*TASK STATEMENT:* Find the string "delicate" in the records. Copy each line that has it.

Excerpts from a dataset
---------------

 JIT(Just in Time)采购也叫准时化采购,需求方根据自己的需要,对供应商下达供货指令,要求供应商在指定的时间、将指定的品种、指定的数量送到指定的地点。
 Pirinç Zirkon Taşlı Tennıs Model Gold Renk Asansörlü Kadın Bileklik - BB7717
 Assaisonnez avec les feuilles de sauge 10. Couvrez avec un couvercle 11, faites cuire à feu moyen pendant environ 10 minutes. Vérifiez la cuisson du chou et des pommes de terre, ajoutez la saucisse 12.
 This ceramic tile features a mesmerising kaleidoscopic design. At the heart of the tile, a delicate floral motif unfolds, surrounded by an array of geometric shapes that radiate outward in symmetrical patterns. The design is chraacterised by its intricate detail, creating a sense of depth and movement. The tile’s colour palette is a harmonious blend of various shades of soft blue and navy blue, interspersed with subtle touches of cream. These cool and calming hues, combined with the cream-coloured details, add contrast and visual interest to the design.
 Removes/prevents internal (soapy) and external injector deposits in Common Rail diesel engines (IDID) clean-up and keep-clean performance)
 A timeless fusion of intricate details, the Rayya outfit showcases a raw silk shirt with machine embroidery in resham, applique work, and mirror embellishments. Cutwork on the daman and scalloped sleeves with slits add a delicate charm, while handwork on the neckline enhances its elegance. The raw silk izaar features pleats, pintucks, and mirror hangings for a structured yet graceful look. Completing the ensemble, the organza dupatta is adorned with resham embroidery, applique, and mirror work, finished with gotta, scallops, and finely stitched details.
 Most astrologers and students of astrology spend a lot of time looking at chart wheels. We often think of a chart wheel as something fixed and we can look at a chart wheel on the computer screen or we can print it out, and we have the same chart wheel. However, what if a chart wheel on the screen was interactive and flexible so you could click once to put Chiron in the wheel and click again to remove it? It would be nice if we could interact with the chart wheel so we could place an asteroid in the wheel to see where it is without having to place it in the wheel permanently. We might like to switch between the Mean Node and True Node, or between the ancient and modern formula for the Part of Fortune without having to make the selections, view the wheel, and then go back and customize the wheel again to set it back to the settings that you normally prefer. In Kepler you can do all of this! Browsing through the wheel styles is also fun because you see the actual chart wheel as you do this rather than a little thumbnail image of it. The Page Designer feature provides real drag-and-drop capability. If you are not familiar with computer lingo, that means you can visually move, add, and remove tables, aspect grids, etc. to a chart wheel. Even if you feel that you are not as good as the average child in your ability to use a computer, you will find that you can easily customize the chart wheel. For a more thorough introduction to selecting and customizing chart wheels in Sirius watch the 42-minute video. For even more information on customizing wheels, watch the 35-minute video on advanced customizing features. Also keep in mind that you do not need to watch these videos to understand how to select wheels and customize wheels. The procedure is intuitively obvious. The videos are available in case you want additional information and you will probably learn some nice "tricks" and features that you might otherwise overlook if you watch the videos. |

---------------

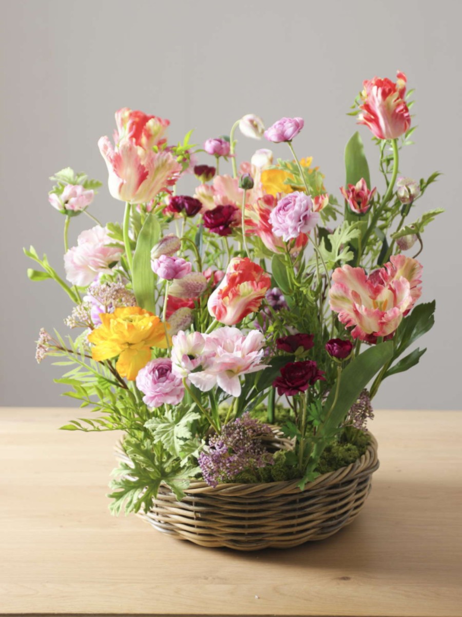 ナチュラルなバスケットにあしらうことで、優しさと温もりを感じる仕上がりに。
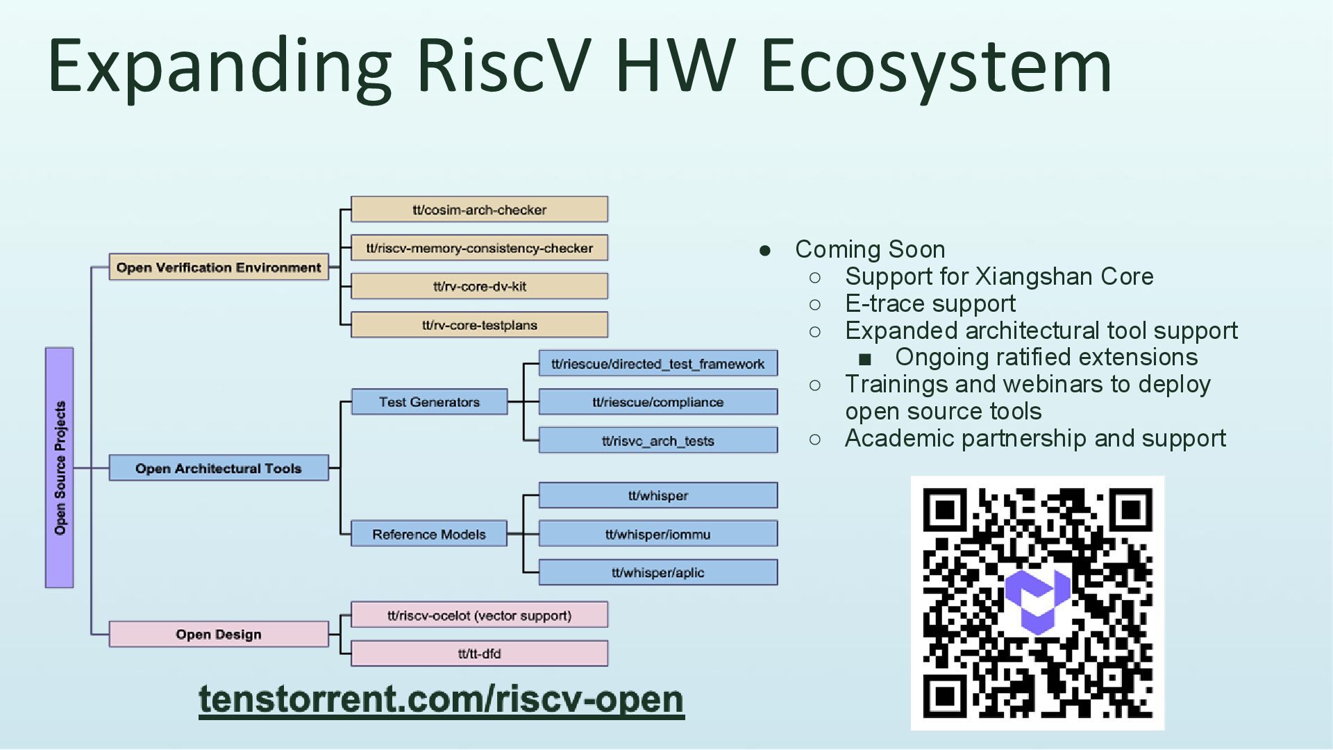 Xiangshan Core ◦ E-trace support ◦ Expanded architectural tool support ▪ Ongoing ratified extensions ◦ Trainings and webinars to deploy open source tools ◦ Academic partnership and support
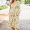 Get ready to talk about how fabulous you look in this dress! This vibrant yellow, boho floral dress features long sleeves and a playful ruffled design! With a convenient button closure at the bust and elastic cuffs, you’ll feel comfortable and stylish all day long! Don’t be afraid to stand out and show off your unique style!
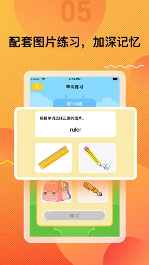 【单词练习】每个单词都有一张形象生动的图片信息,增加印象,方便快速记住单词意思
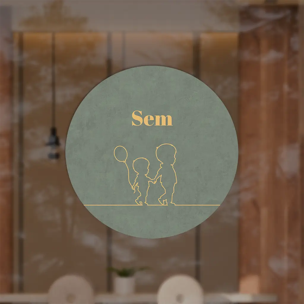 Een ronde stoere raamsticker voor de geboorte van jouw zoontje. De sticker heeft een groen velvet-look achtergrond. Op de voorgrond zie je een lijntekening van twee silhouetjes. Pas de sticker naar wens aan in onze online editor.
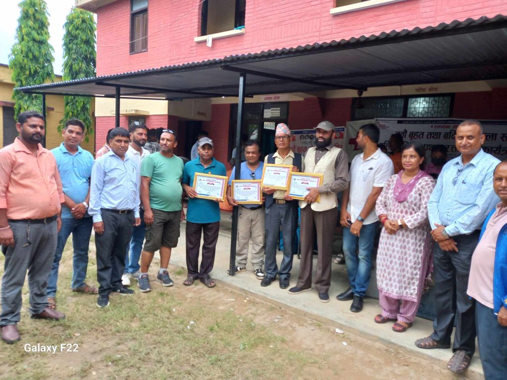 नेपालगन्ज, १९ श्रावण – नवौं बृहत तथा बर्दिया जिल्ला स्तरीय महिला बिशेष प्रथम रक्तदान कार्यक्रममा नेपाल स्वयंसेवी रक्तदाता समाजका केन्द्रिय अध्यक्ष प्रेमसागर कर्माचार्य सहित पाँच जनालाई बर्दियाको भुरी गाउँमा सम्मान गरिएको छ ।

---------------

*WRITTEN ANSWER:*
 This ceramic tile features a mesmerising kaleidoscopic design. At the heart of the tile, a delicate floral motif unfolds, surrounded by an array of geometric shapes that radiate outward in symmetrical patterns. The design is chraacterised by its intricate detail, creating a sense of depth and movement. The tile’s colour palette is a harmonious blend of various shades of soft blue and navy blue, interspersed with subtle touches of cream. These cool and calming hues, combined with the cream-coloured details, add contrast and visual interest to the design.
 A timeless fusion of intricate details, the Rayya outfit showcases a raw silk shirt with machine embroidery in resham, applique work, and mirror embellishments. Cutwork on the daman and scalloped sleeves with slits add a delicate charm, while handwork on the neckline enhances its elegance. The raw silk izaar features pleats, pintucks, and mirror hangings for a structured yet graceful look. Completing the ensemble, the organza dupatta is adorned with resham embroidery, applique, and mirror work, finished with gotta, scallops, and finely stitched details.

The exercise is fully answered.